▶ About this task:
Include the line with "Partners to advocate" and every line before it in the entries below, echoed exactly, but not the pictures.

▶ Records for this exercise:
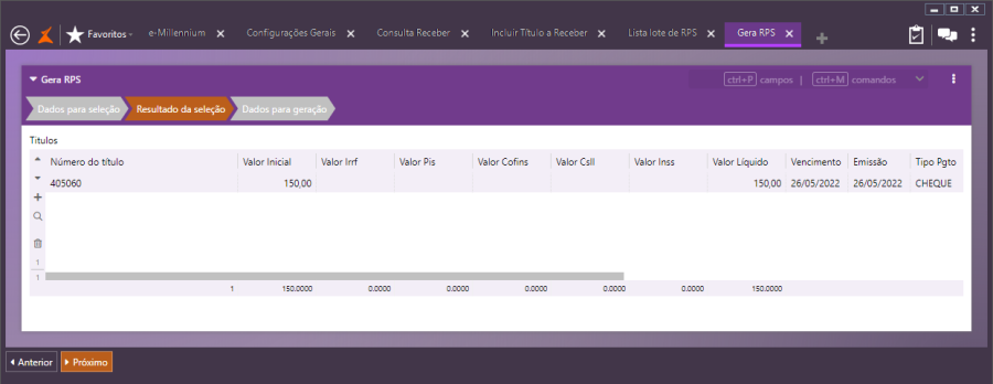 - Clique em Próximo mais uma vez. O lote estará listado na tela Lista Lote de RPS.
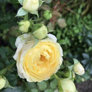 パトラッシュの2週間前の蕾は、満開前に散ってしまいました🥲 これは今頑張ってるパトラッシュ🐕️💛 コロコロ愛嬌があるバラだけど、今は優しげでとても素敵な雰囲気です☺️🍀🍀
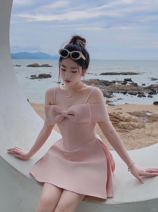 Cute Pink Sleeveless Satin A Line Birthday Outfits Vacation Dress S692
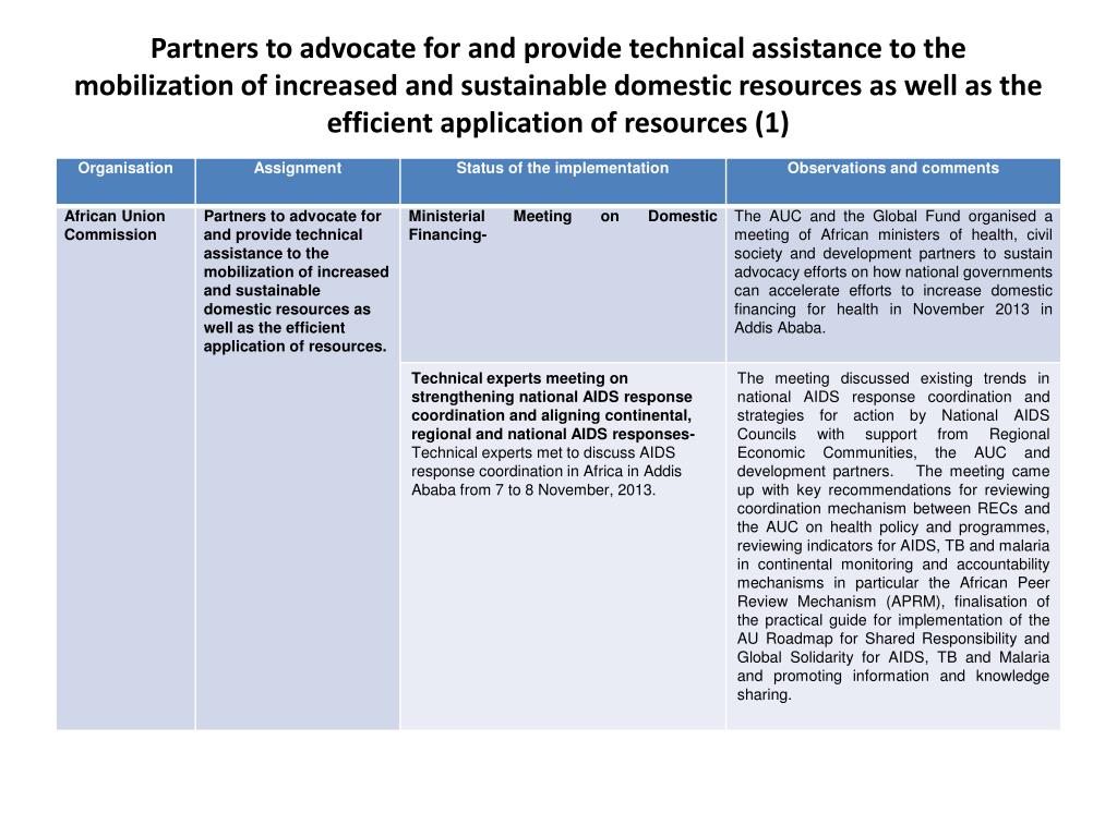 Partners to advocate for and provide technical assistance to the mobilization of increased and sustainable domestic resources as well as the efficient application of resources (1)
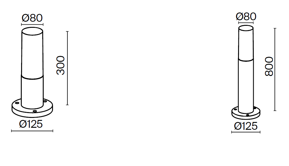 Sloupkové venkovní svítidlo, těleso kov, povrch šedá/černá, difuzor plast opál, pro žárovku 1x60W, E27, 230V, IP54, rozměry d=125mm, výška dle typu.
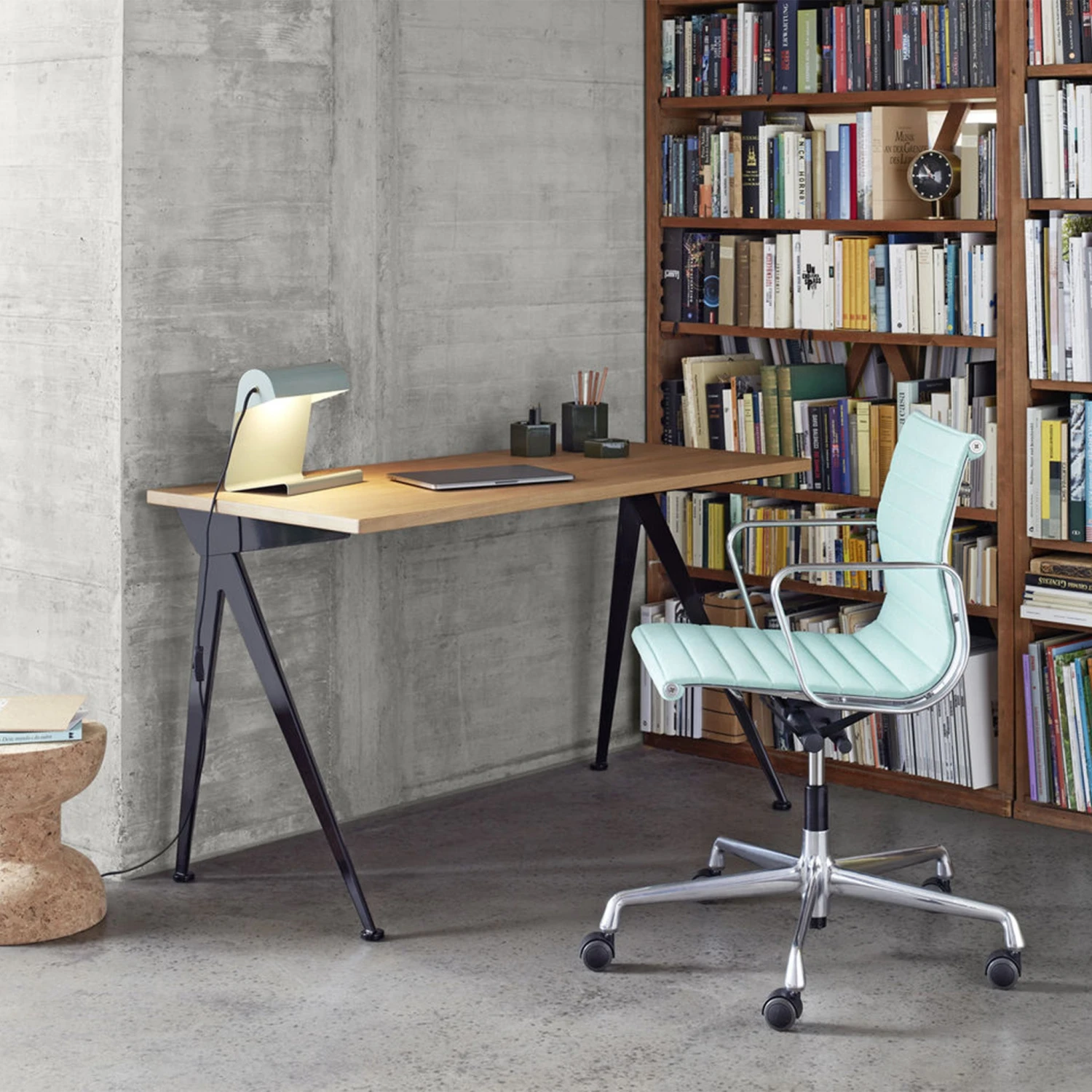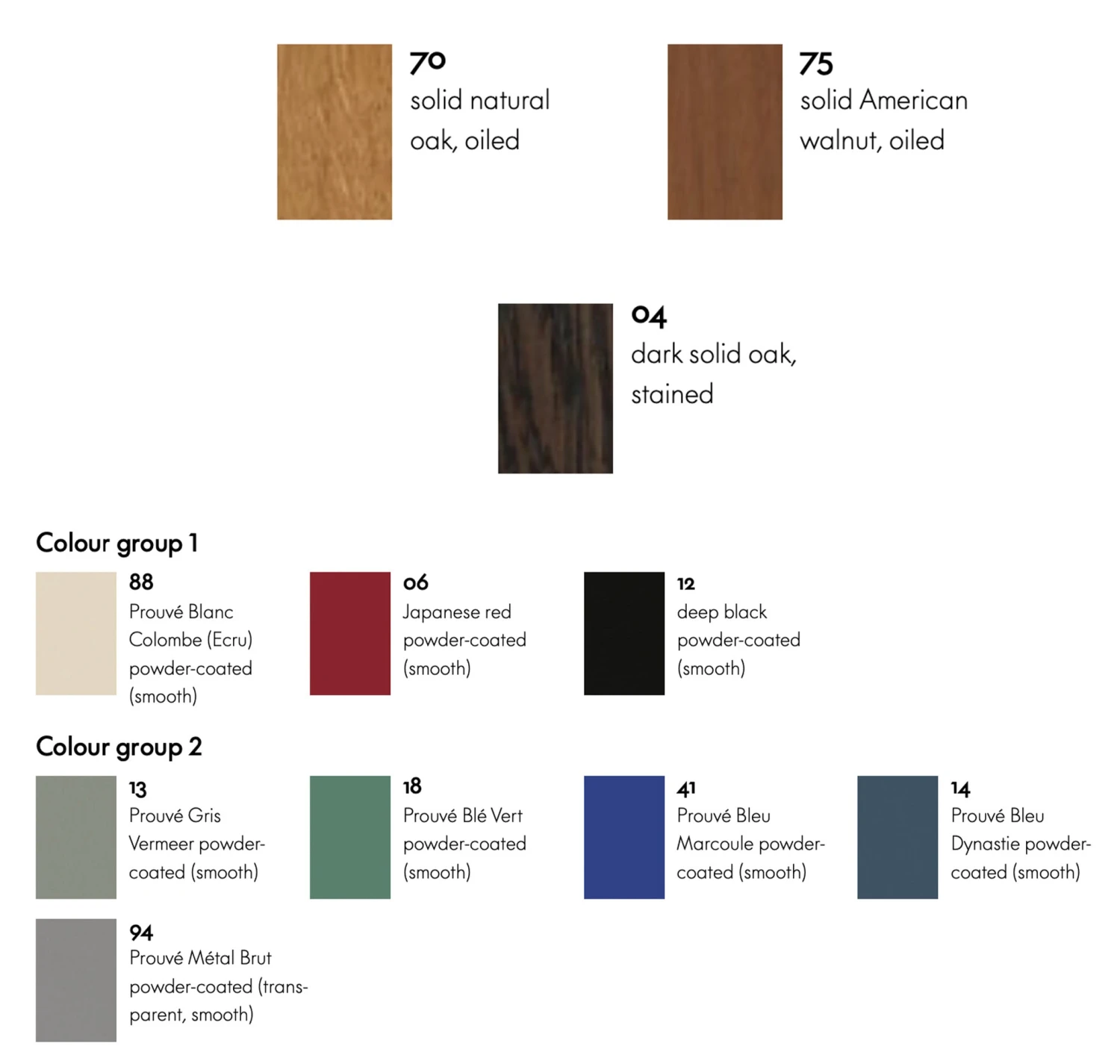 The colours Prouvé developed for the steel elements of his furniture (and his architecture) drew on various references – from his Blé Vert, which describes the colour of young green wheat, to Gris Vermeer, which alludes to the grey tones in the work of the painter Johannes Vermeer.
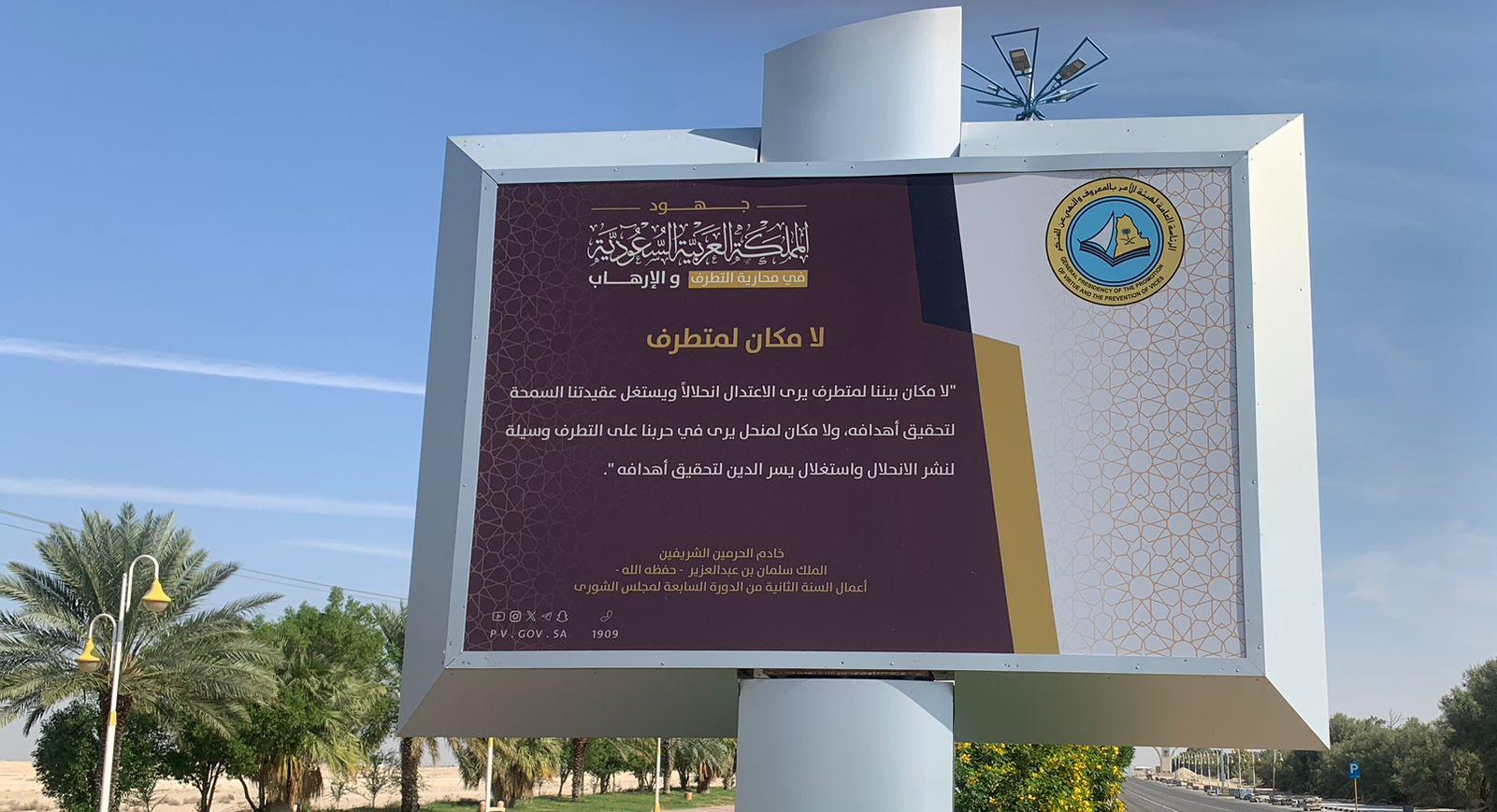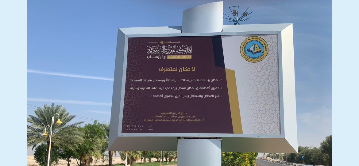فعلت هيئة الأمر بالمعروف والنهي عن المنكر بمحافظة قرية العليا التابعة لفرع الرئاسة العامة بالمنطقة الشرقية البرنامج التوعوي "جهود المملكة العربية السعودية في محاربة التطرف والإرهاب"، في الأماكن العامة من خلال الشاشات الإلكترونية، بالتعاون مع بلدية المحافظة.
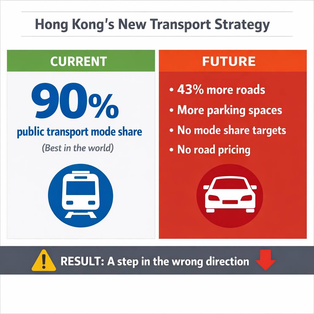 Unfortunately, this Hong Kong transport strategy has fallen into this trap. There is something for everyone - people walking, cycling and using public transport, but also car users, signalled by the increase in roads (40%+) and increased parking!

▶ Completed task:
 - Clique em Próximo mais uma vez. O lote estará listado na tela Lista Lote de RPS.
 パトラッシュの2週間前の蕾は、満開前に散ってしまいました🥲 これは今頑張ってるパトラッシュ🐕️💛 コロコロ愛嬌があるバラだけど、今は優しげでとても素敵な雰囲気です☺️🍀🍀
 Cute Pink Sleeveless Satin A Line Birthday Outfits Vacation Dress S692
 Partners to advocate for and provide technical assistance to the mobilization of increased and sustainable domestic resources as well as the efficient application of resources (1)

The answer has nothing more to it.